O primeiro se debruçou sobre 30 casos com características de litigância predatória entre 2016 e 2021. Cada um deles abarca um grupo de “atores processuais”. Essa primeira amostra gerou uma movimentação processual calculada em 120 mil processos, afetando 840 unidades judiciárias.
No mesmo período, o Núcleo de Monitoramento do Perfil de Demandas do TJ de São Paulo recebeu 503 casos – incluindo os 30 citados. O grupo é responsável por analisar as movimentações processuais em busca de “atipicidades”.
Os próprios magistrados da Corte paulista podem acionar o órgão, informando, por exemplo, um número grande de processos sobre um mesmo tema e com características idênticas, como a parte autora da ação e os advogados que a representam.
O grupo também verifica se esses advogados representam outras empresas ou pessoas que acionaram a Justiça para tratar do mesmo assunto. Foi com base em tais dados que o Tribunal de Justiça paulista calculou que a litigância predatória no Estado gerou cerca de 337 mil processos por ano.
Cálculo
Já no segundo estudo, o objetivo foi estimar o prejuízo da movimentação predatória da Justiça. Para o cálculo, o tribunal de São Paulo levou em consideração o custo estimado de um processo. Segundo pesquisa do Instituto de Pesquisa Econômica Aplicada (Ipea), o valor é de R$ 8.270 por ação, na referência para março de 2022.
Tal montante estimado como custo pelo Ipea leva em consideração apenas questões ligadas à movimentação processual, e não abrange outras despesas comuns nas ações, como a realização de perícias técnicas, por exemplo.

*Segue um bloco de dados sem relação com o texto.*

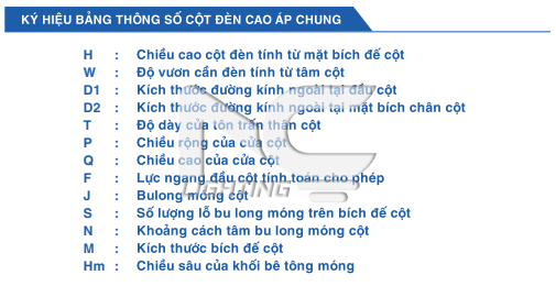 Thông số kỹ thuật trụ đèn cao áp mạ kẽm NC07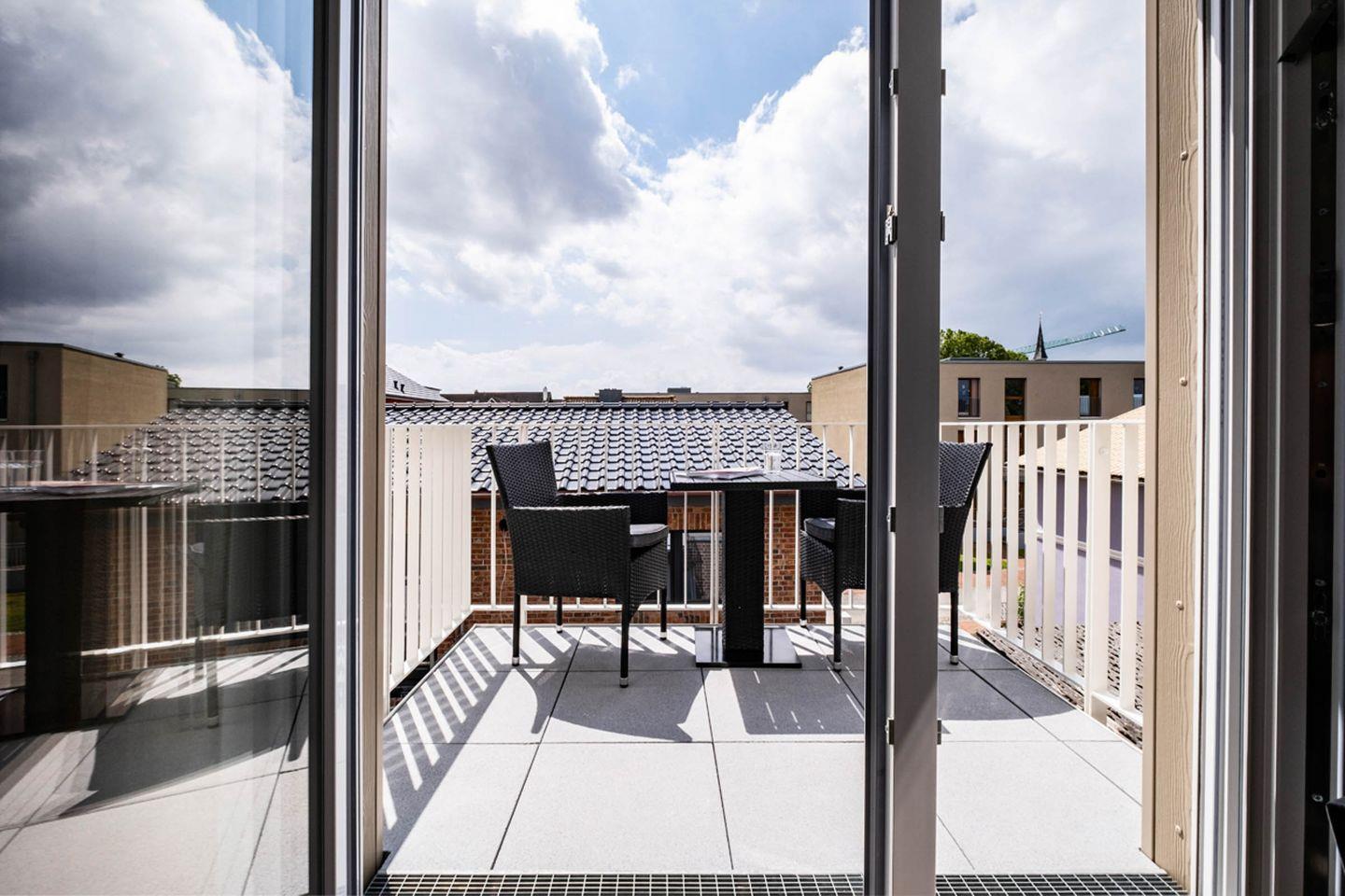 Balkon: Westliche-Lage mit hochwertigen Balkonmöbeln und Sonnenschirm

Com relação aos 30 primeiros casos, a estimativa foi de um prejuízo no valor de R$ 999,3 milhões no período (2016 a 2021) e de R$ 166,5 milhões por ano. Já com relação ao número global de casos (503), chegou-se ao montante total de R$ 16,7 bilhões ao longo dos seis anos.

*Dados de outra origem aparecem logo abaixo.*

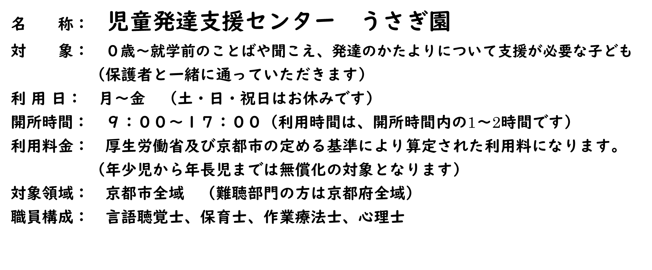 児童発達支援センターうさぎ園 電話:075-950-1567 ファックス:075-950-1381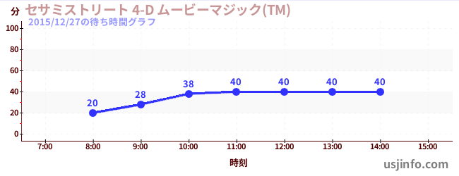 • セサミストリート 4-D ムービーマジック(TM)$B$N(B2015年12月27日の待ち時間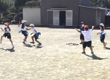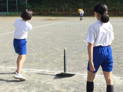 中学部のソフトボールや小学部低学年のゲーム活動の様子です。

Segundo Viaro, quando a Corregedoria identifica indícios de uso abusivo da jurisdição, são desenvolvidos estudos e criadas boas práticas para combater a litigância predatória. Além disso, se identificados crimes ou infração disciplinar, os dados são encaminhados para o Ministério Público e para a Ordem dos Advogados do Brasil (OAB).
‘Critério conservador’
Os casos de litigância predatória e seus impactos também foram analisados de acordo com o critério do Centro de Inteligência do Tribunal de Justiça de Minas Gerais, o que gerou uma estimativa ainda maior.
Seguindo o cálculo mineiro e levando-se em conta a variação de casos novos, ano a ano, entre 2016 e 2021, o TJ aponta que a movimentação predatória gerou uma média de 605 mil processos, anualmente. “Considerando o ano de maior distribuição de processos cíveis, em um único ano, a litigância predatória teria gerado mais de 722 mil novas demandas e, mesmo no ano de menor distribuição, o número de demandas ultrapassou a marca dos 448 mil feitos”, informou a Corregedoria.
Ainda com base no critério do TJ de Minas Gerais, quanto ao custo de tais movimentações para o Estado, considerando o valor do processo calculado pelo Ipea, o prejuízo ao erário seria estimado em um montante de R$ 4,4 bilhões, anualmente.
As informações são do jornal O Estado de S. Paulo.